▶ [AIM OF THE TASK]: An exact copy of the listing below is needed, with no pictures in it.

▶ [DATASET EXTRACT]:
+---+

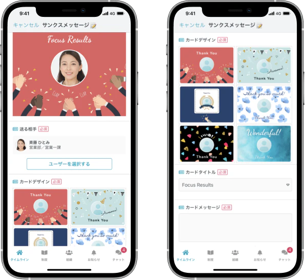 手渡しの紙のカードは、紙のカードは本人同士でしか共有されないため、承認欲求の満たされ方や称賛文化の定着という点では効果が限定されます。アプリであれば、全社員の前で感謝が共有され、組織全体でサンクスカードを贈り合う文化が醸成できます。
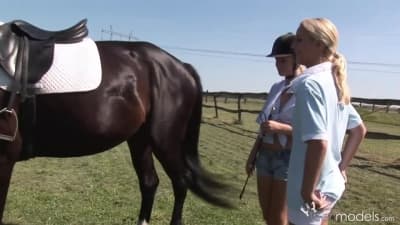 Esta bela loira tem uma amiga que é instrutora de equitação. Quando eles se vêem, não conseguem resistir e começam a lamber um ao outro.
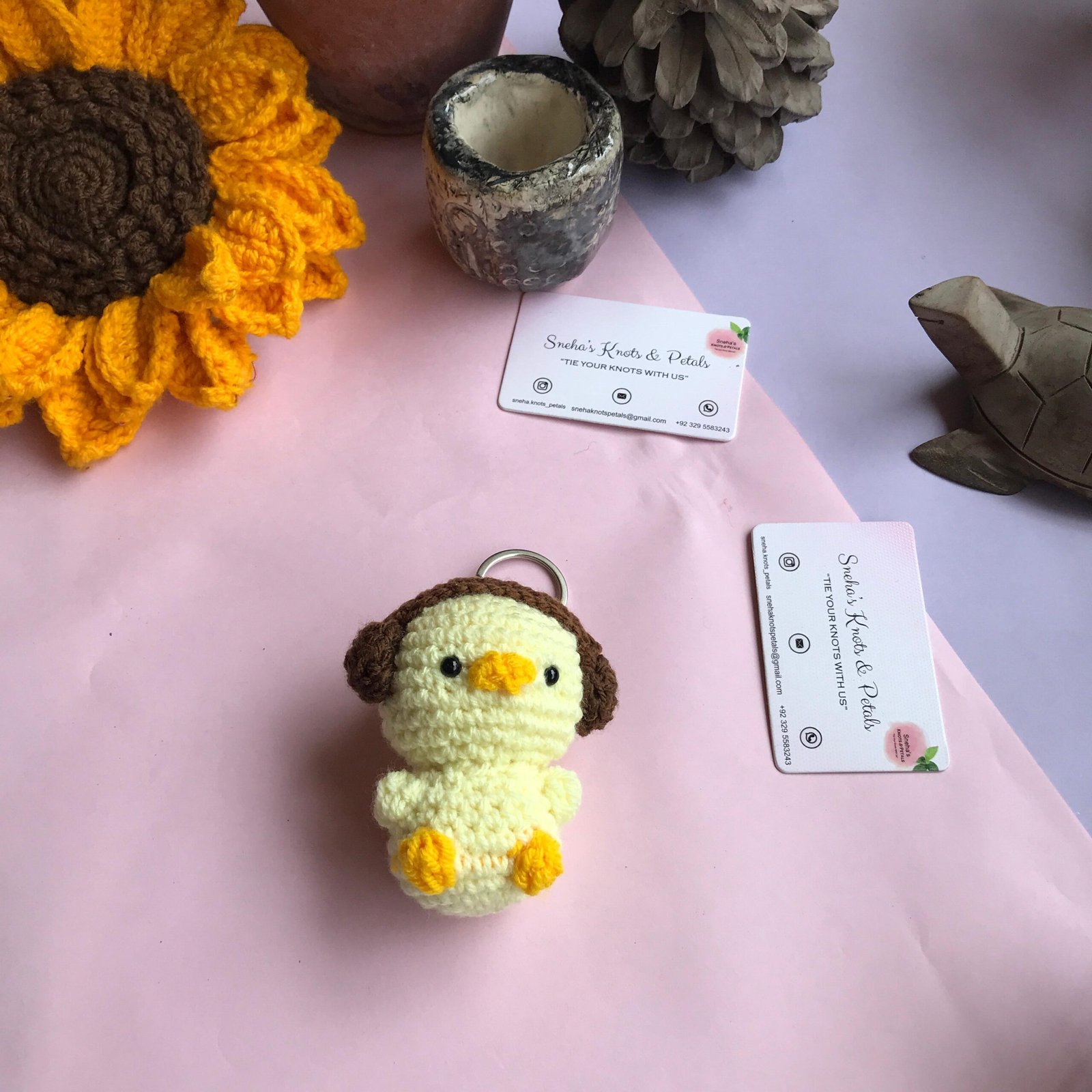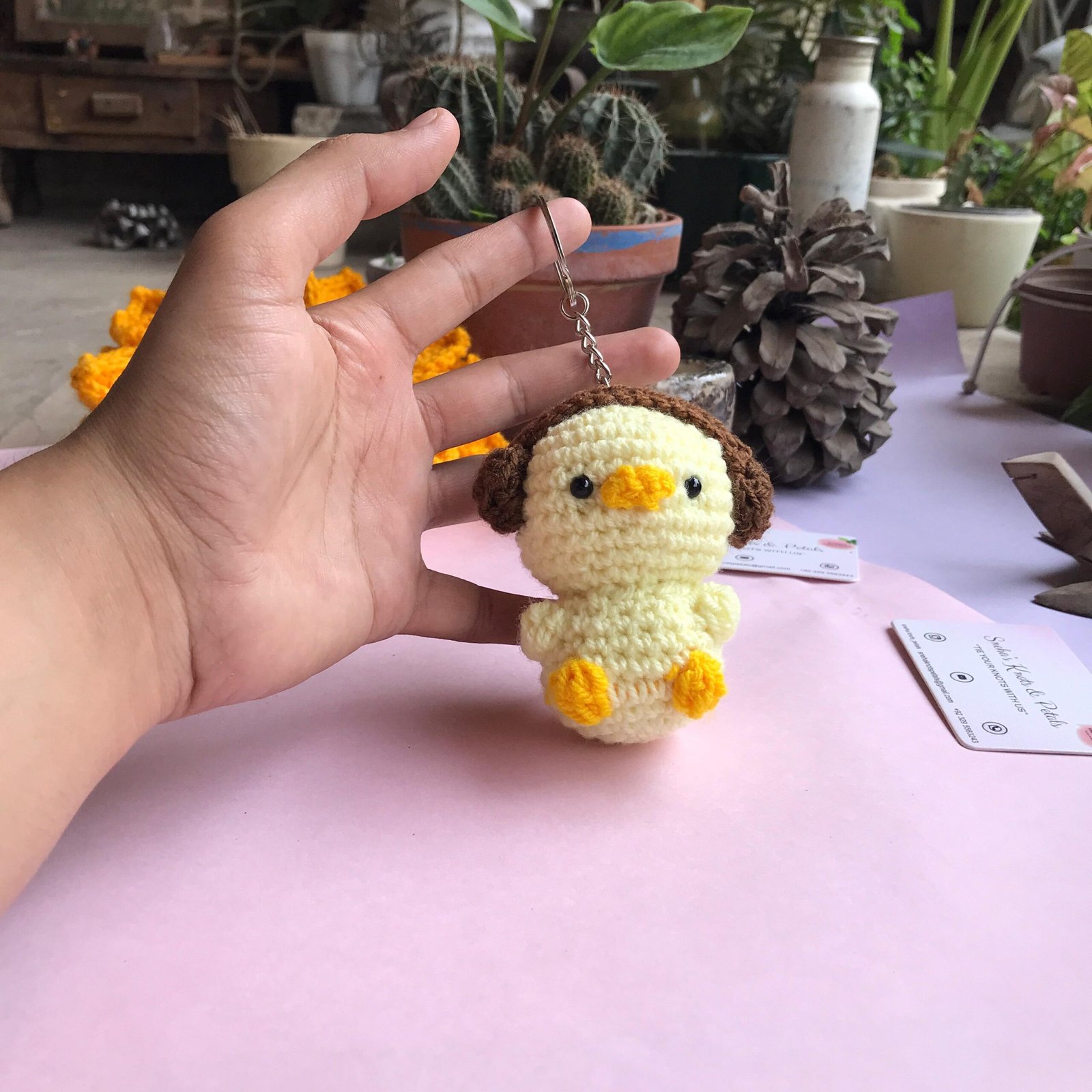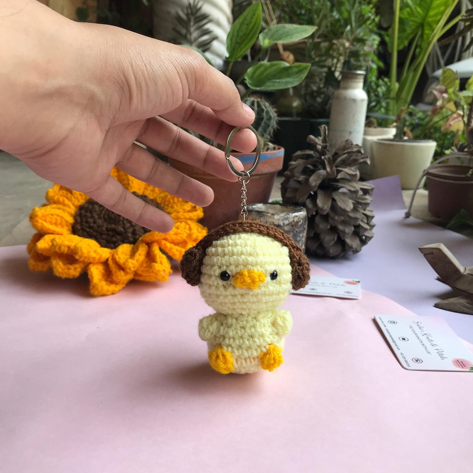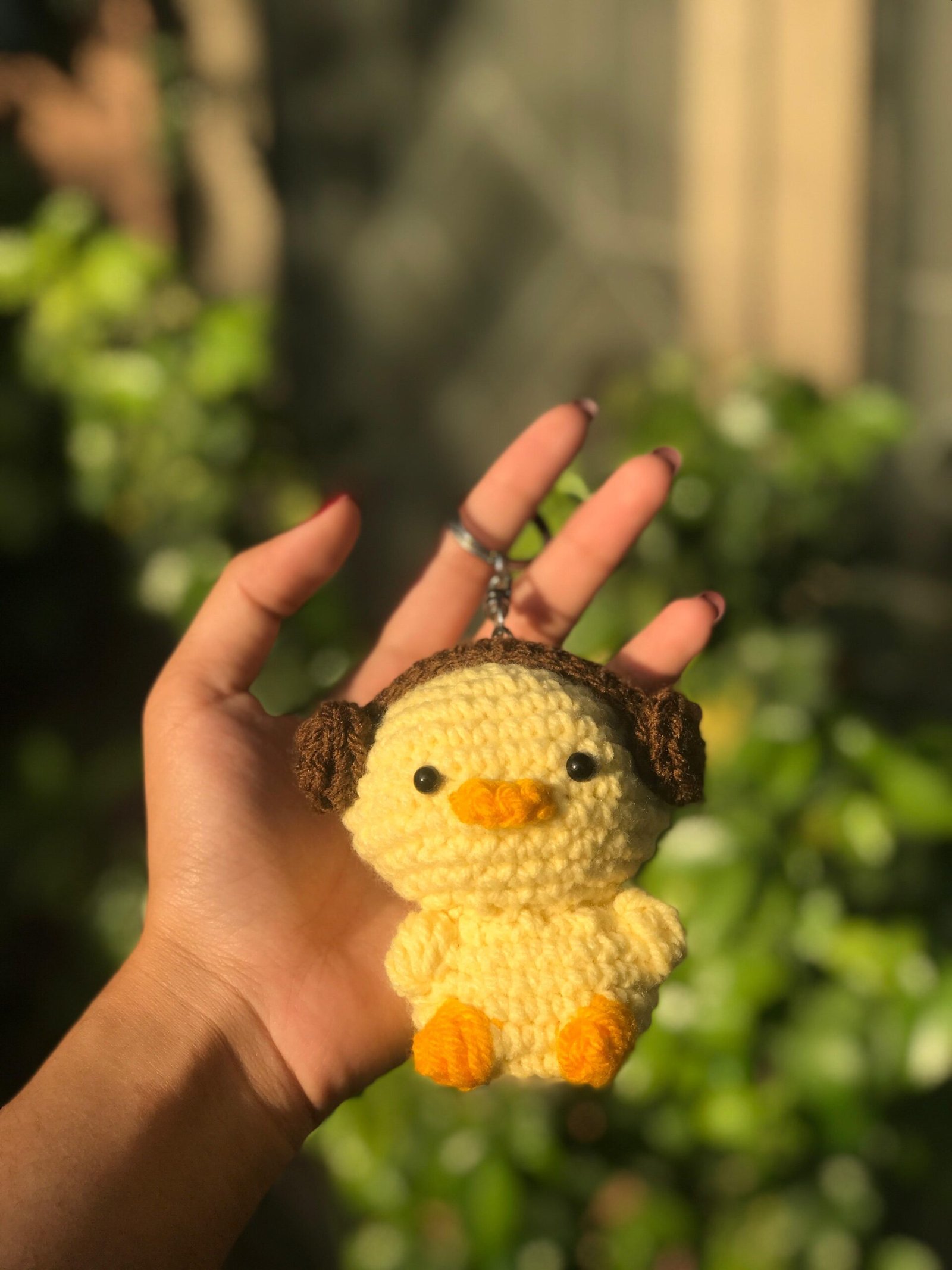 Add a quirky vibe to your keys with this adorable handmade crochet chick keychain featuring cute headphones! Crafted with attention to detail, this yellow chick with brown headphones and orange beak is attached to a sturdy metal keyring. Perfect as a unique gift or a fun accessory, it’s sure to bring a smile wherever you go!

+---+

▶ [THE ANSWER]:
 手渡しの紙のカードは、紙のカードは本人同士でしか共有されないため、承認欲求の満たされ方や称賛文化の定着という点では効果が限定されます。アプリであれば、全社員の前で感謝が共有され、組織全体でサンクスカードを贈り合う文化が醸成できます。
 Esta bela loira tem uma amiga que é instrutora de equitação. Quando eles se vêem, não conseguem resistir e começam a lamber um ao outro.
 Add a quirky vibe to your keys with this adorable handmade crochet chick keychain featuring cute headphones! Crafted with attention to detail, this yellow chick with brown headphones and orange beak is attached to a sturdy metal keyring. Perfect as a unique gift or a fun accessory, it’s sure to bring a smile wherever you go!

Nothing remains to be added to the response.